Всё. Откладывать больше нельзя.
Каллий мрачно идет по дворцу, припечатывая каждый шаг стуком посоха – того самого, с коим не расставался в последние годы покойный отец, хоть совсем не нуждался в подобной опоре: Фоант никогда не был хром и не дожил до старческой ветхости. Почему-то бренные вещи прочнее людей. Ведь отца столько времени нет на земле, а у Каллия – его посох, пояс, перстень с кентавром, золоченый кинжал, кое-что из одежды…
И – Фоантова библиотека. Небольшая, легко уместившаяся в нескольких сундуках – но, как Каллий теперь понимает, поистине ценная. Состоящая либо из древностей, вроде первых списков Гомера, либо из дорогих и прекрасно сделанных свитков, привозившихся Гераклеодором из его путешествий в Гераклею и Пантикапей. А на свитках – отнюдь не безделки: Геродот, Ксенофонт, старинные поэты, философские сочинения…Сам-то Каллий не книгочей. При дворе Митрадата всегда находилось немало других развлечений. Вот сестра, Гипсикратия, пока жила здесь, изучила их едва ли не все – словно назло наставницам, полагавшим, что ученость – не девичье дело. И потом изумляла царя приведенными к месту стихами или ссылками на писания мудрых мужей.

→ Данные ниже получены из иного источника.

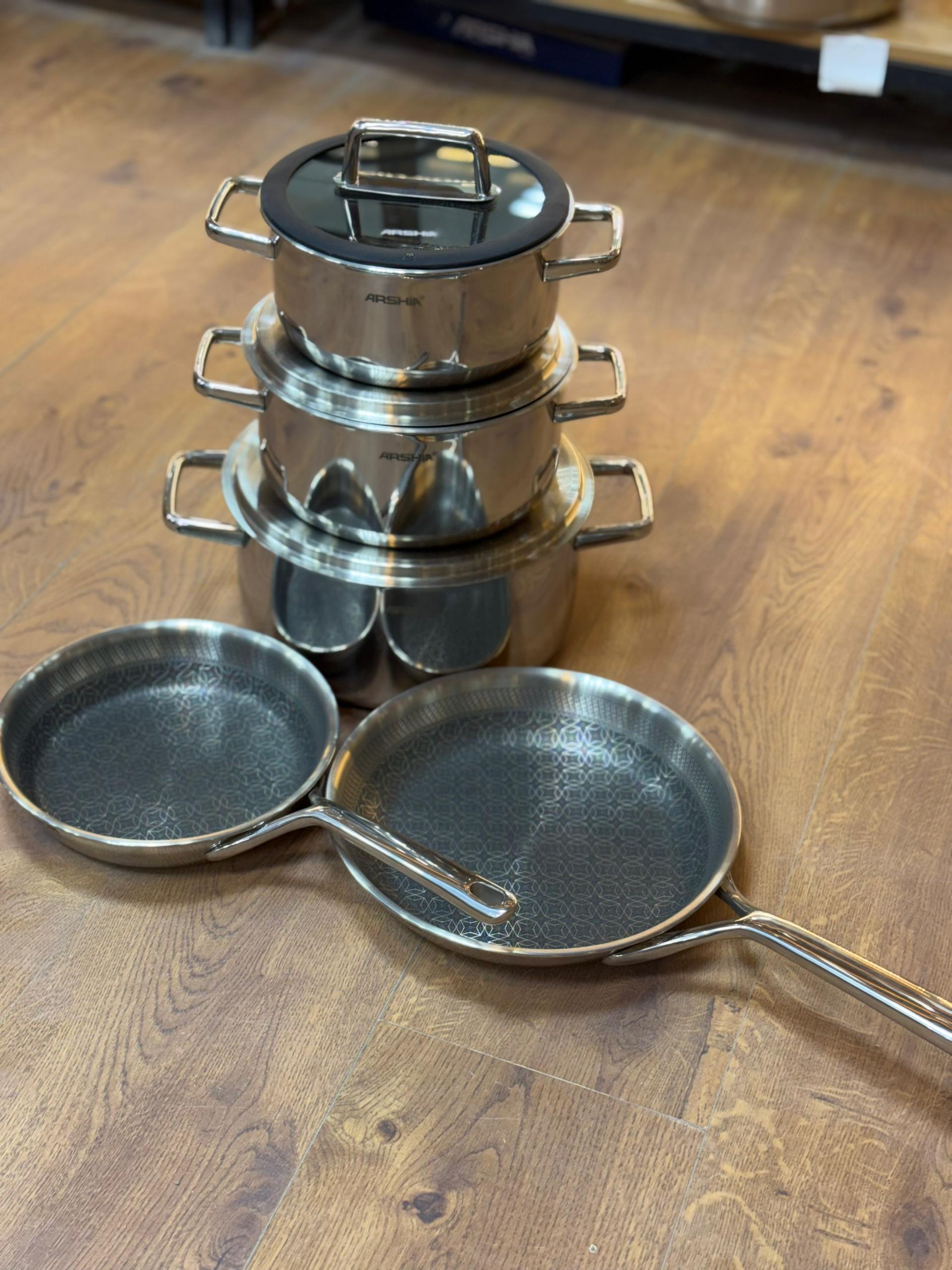 با سرویس قابلمه 8 تکه کف لیزری عرشیا مدل SS050-3701، تجربهای بینظیر در آشپزی را تجربه کنید! طراحی مدرن و کف لیزری باعث پخش یکنواخت حرارت میشود، و دوام بالا همراه با پوشش نچسب، لذت آشپزی را دوچندان میکند. همین حالا به آشپزخانهتان زیبایی و کارایی ببخشید!

Впрочем, про Гипсикратию говорить сейчас невозможно ни с кем: Ма – расплачется, приближенные будут лишь вздыхать, отводя глаза, а приверженные мрачному благочестию тавры – разразятся проклятиями бывшей жрице, поправшей обет…

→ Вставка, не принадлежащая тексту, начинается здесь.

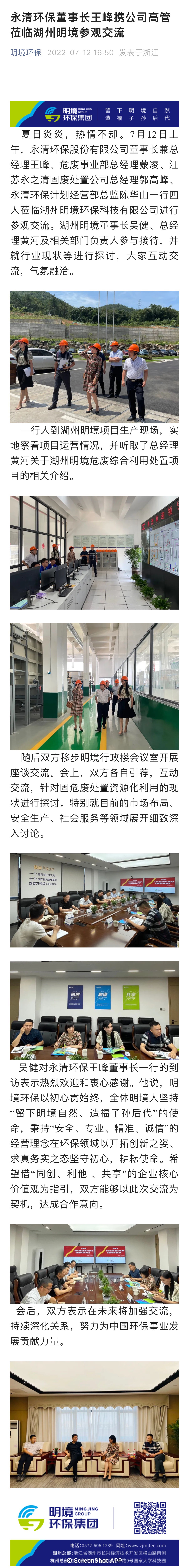 永清環(huán)保董事長王峰攜公司高管 蒞臨湖州明境參觀交流
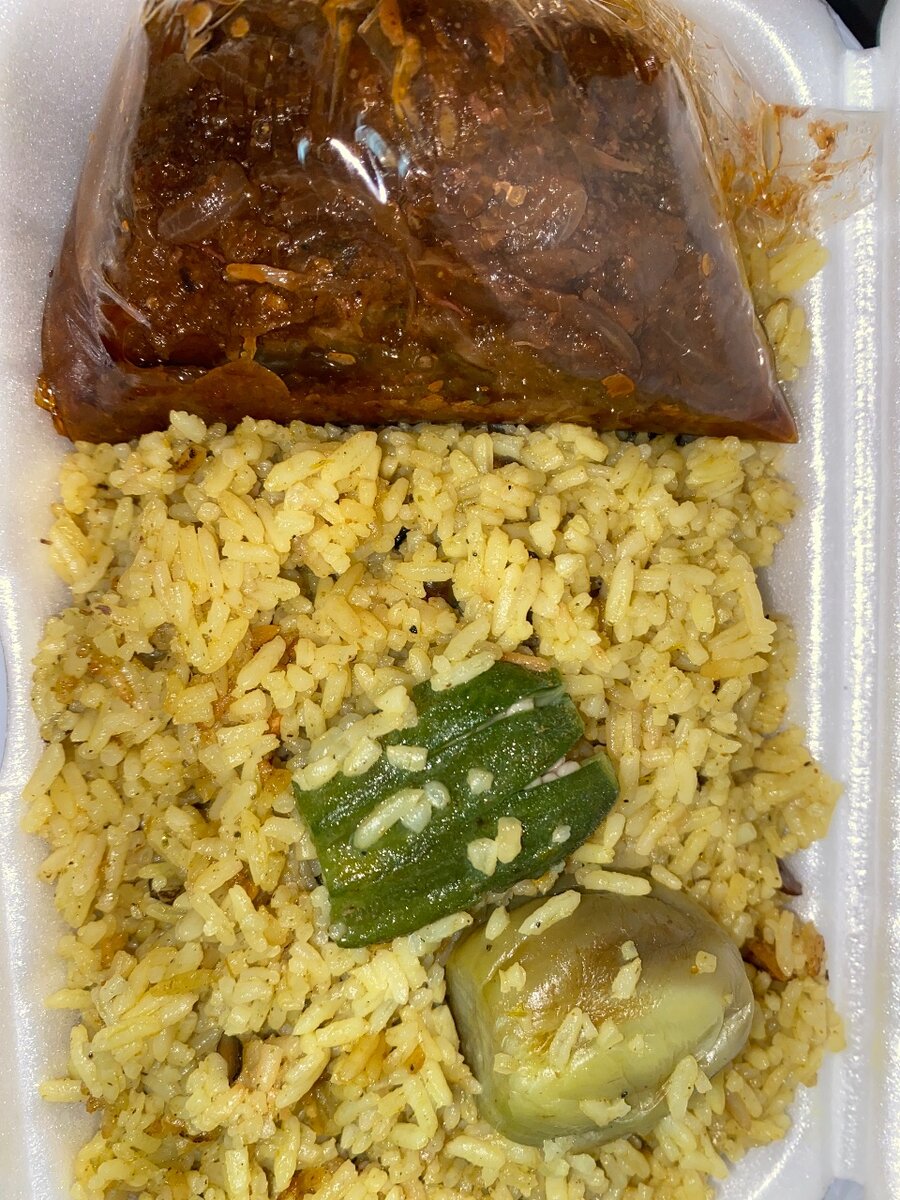 Savourez ce délicieux plat de riz épicé accompagné d'une sauce savoureuse et de légumes. Un choix parfait pour un repas réconfortant et exotique, idéal pour découvrir les saveurs authentiques de l'Afrique.

"Госпожа государыня – в библиотеке", – известили Каллия слуги.
Очень странно. Эрморада, которая только взрослой освоила грамоту, не особенно любит читать и писать. Только по неотложнейшей надобности. И уж точно не станет вникать в вековую премудрость – у нее достанет своей, чтобы здраво судить о словах и делах окружающих…
Так и есть.
Это внук затащил сюда – бабушку. Дионисий стоит возле кресла, Эрморада показывает ему свиток, поясняя: "Вот книга, мой миленький, когда ты подрастешь, ты сумеешь тут всё прочитать"… – "Дай!" – настаивает упорный малыш и пытается различить знакомые буквы в затейливых строчках, начертанных беглой рукой каллиграфа…
 – Ма, – окликает ее с колотящимся сердцем Каллий.
Она оборачивается. Излучая такую любовь, что не знаешь, как продолжать.
 – Ма, послушай меня. Нужно поговорить. Это очень – до крайности – важно.
…Эрмораде мерещится, будто это мгновение она пережила много раньше. В этом самом дворце. Только не в библиотеке, а – в спальне. Где-то рядом был маленький Каллий. А совсем вплотную – Фоант, принесший ей страшную весть о падении Пантикапея и уже неизбежной войне против войска царя Митрадата. Изъяснялся он осторожно – она была на последних сроках беременности. Но она и без слов поняла: речь идет о жизни и смерти. А… сейчас?…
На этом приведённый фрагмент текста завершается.